> Available data:
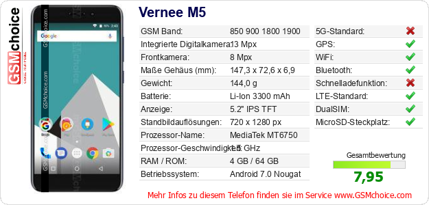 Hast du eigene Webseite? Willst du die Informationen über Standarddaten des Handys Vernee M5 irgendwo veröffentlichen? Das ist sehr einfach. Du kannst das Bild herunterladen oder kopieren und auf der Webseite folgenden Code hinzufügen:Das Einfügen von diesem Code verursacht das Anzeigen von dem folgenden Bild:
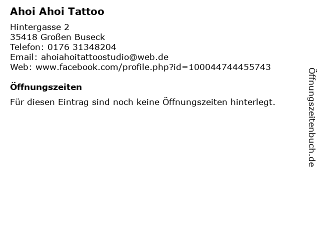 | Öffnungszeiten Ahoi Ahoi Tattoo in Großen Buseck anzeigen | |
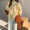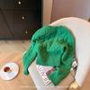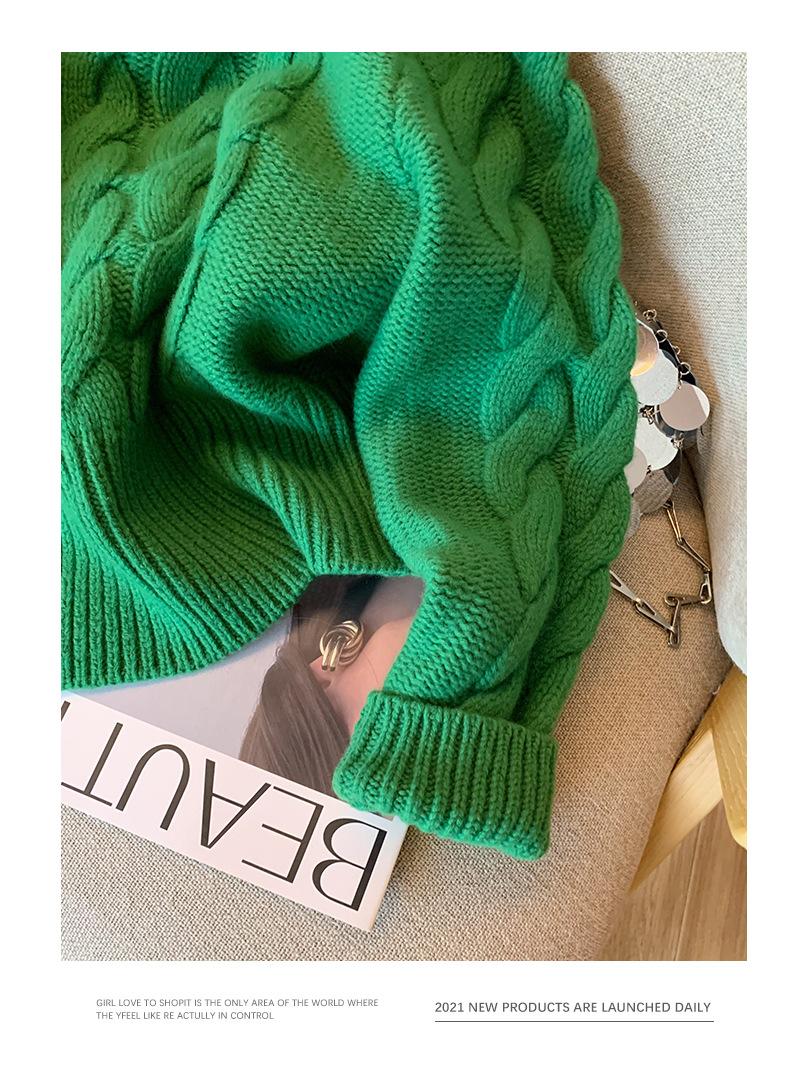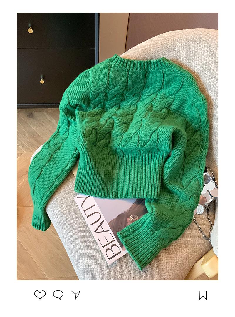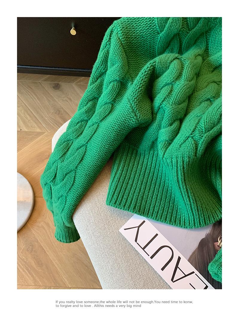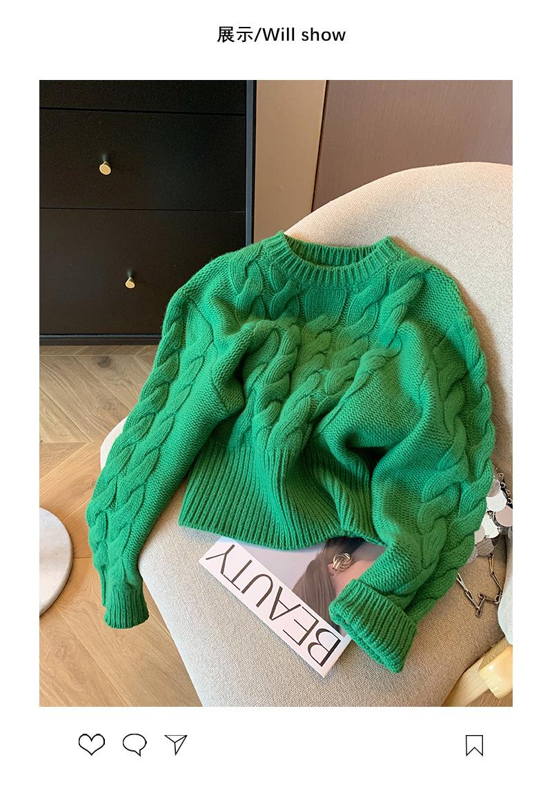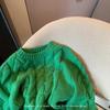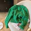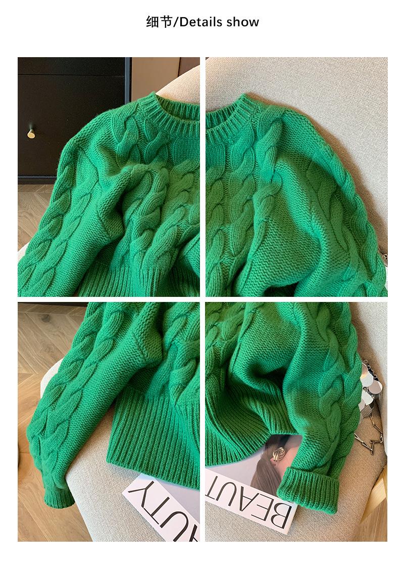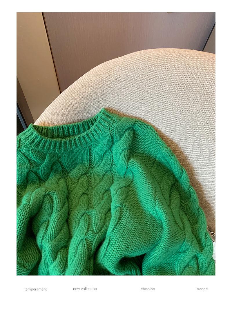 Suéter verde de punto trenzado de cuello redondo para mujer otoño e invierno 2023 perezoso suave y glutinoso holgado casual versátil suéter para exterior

> Exercise instructions: Output the lines above in full and exactly. Leave out every picture.

> Reply:
 Hast du eigene Webseite? Willst du die Informationen über Standarddaten des Handys Vernee M5 irgendwo veröffentlichen? Das ist sehr einfach. Du kannst das Bild herunterladen oder kopieren und auf der Webseite folgenden Code hinzufügen:Das Einfügen von diesem Code verursacht das Anzeigen von dem folgenden Bild:
 | Öffnungszeiten Ahoi Ahoi Tattoo in Großen Buseck anzeigen | |
 Suéter verde de punto trenzado de cuello redondo para mujer otoño e invierno 2023 perezoso suave y glutinoso holgado casual versátil suéter para exterior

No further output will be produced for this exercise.